Por su parte, el sacerdocio, según se ha relatado por los mismos protagonistas en tantas oportunidades, no es un oficio, ni una profesión, sino que obedece a un atributo, a veces repentino, inclusive de carácter sobrenatural, que ante todo implica desenvolverse en un entorno espiritual de compromiso altamente exigente. En este caso, dentro de la trayectoria del colectivo católico muchas veces desbordado (todavía más hoy) por el incisivo materialismo a la orden del día. Es decir, que bien se trata de invocar el carácter trascendente de la existencia y generar con tino y acierto la pedagogía y práctica correspondientes. Y cuyo fundamento no consiste en grandes predicaciones teologales, en el cúmulo de bulas, encíclicas o sermones, por así decirlo, sino en el soporte esencial y aparentemente sencillo de amar a Dios sobre todas las cosas y al prójimo como a ti mismo. Lo que, a fin de cuentas, y como lo hemos dicho otras veces, es tanto la base concreta del cristianismo como del credo evangelizador del catolicismo dentro de su proyección universal. Y, en ese sentido, es también la premisa básica que debe moldear, con más veras, la actividad sacerdotal por fuera de lo cual nadie puede decirse sacerdote, muchísimo menos al ocasionar daños tan trágicos e irreversibles al prójimo, ni aún en medio de la llamada crisis vocacional actual.

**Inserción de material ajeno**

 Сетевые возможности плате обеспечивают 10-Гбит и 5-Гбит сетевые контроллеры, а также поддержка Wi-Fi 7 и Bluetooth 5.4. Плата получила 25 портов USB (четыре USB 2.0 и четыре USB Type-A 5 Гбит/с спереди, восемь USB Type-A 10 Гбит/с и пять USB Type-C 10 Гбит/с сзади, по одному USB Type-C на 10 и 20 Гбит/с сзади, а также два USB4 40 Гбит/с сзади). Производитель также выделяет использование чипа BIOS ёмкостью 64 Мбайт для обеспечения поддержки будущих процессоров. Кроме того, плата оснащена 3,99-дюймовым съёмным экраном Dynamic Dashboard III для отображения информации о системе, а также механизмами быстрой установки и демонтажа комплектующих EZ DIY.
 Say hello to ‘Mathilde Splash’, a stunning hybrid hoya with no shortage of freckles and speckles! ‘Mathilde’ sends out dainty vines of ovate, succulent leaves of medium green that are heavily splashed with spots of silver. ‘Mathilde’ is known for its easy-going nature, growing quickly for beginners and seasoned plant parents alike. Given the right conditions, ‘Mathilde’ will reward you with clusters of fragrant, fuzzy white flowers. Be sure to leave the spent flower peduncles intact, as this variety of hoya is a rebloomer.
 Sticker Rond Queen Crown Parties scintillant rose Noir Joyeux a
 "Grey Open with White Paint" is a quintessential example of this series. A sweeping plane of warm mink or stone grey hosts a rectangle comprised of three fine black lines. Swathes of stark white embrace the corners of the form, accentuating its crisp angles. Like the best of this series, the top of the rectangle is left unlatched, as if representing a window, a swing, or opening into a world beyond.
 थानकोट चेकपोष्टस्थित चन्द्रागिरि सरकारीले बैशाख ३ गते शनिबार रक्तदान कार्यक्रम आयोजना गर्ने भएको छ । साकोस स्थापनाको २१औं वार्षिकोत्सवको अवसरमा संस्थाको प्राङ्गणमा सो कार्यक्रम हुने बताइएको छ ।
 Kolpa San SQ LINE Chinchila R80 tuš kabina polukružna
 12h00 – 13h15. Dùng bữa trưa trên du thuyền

Porque puede ser que a raíz de esos afanes negligentes quienes de antemano y, en ocasiones por haber sufrido lo mismo, tienen inclinaciones pedófilas encuentren en la órbita natural de las actividades de la Iglesia un caldo de cultivo para sus tendencias. No obstante, cualquier laxitud en la materia no tiene justificación alguna, ni mucho menos la permisividad corporativa, ni las reglamentaciones elásticas, ni el amiguismo encubierto de bondad, que solo sorprenden y alarman sobremanera a los feligreses y al mismo tiempo desmoraliza a tanto sacerdote que bien actúa.

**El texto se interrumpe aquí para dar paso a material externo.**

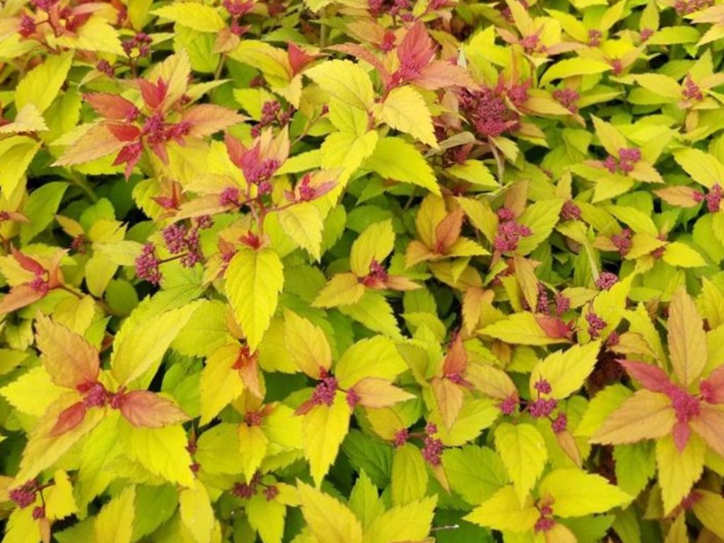 Tavolník japonský ´Goldflame´ - opadavý, listnatý keřík, dorůstající do výšky kolem 60-80 cm. Habitus je hustý a rozvětvený. Listy jsou vejčitě kopinaté, mladé výhony jsou oranžovo-žluté, později se zbarvení mění na žlutou a zeleno-žlutou. Květy jsou zbarvené do sladce růžové, objevují se od června do srpna, tvoří plochá květenství. Ideální do trvalkových záhonů nebo do skalky.
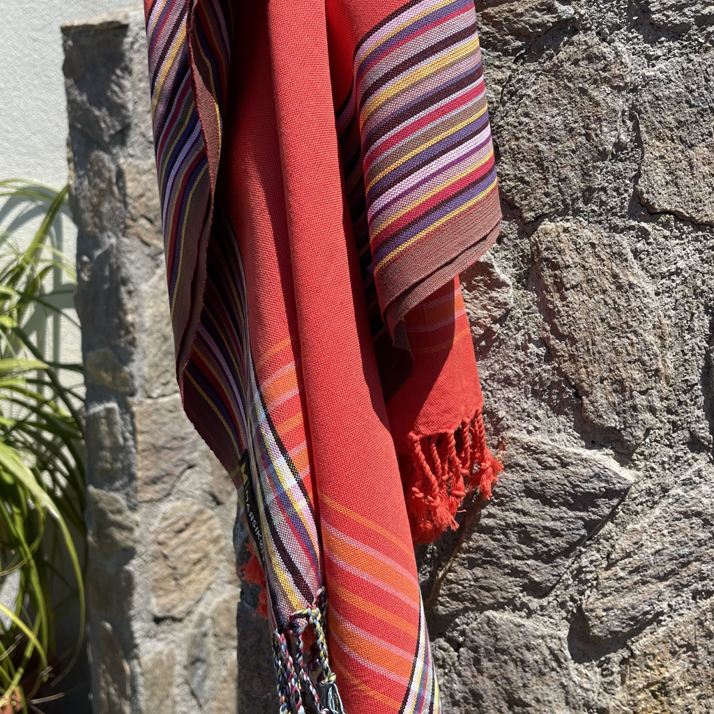 Our bright cherry-coloured Zuma Kikoy can be used as a beach towel, sarong, yoga mat, and so much more!

Sobra añadir, por descontado, que desde el punto de vista legal la pederastia consiste en una conducta típica, antijurídica y culpable, perteneciente al ámbito penal y cuyo desagravio es para la sociedad colombiana entera, católica o no católica. Hace bien la Iglesia en no aducir ninguna inmunidad al respecto y en desprenderse de cualquier salvedad en la materia, aun si el lesivo fenómeno parece al momento no tener la inconcebible dimensión de otros países en los que ya se puso en curso esta decisión.

En todo caso, con un solo damnificado el cuerpo católico se hiere profundamente, por lo que la feligresía colombiana, a tono con la actitud de la prelatura, espera que la recomposición al interior de la Iglesia se lleve a cabo de modo apremiante, tanto bajo el deber de resarcir y en lo que sea posible recuperar a los no pocos afectados después de semejante perjuicio como asegurando que actos así nunca vuelvan a ocurrir. Es muy triste leer o escuchar como ellos mismos ni siquiera se sienten víctimas, sino apenas sobrevivientes a la deriva de una situación a todas luces injusta, mediada por la agresión o la artimaña y sin el más mínimo reparo de sus negativas constantes.

Es de resaltar, pues, que la Conferencia haya dejado de lado el secretismo y los obstáculos incomprensibles. No hay dilemas. Se trata de cumplir con todo rigor el curso de lo prometido, con todas las garantías e información atinentes y liberando a la Iglesia del trasunto acomodaticio y vergonzante en que algunos alrededor del mundo (como también aquí) pretendían atenazarla a costa de la dignidad y la confianza.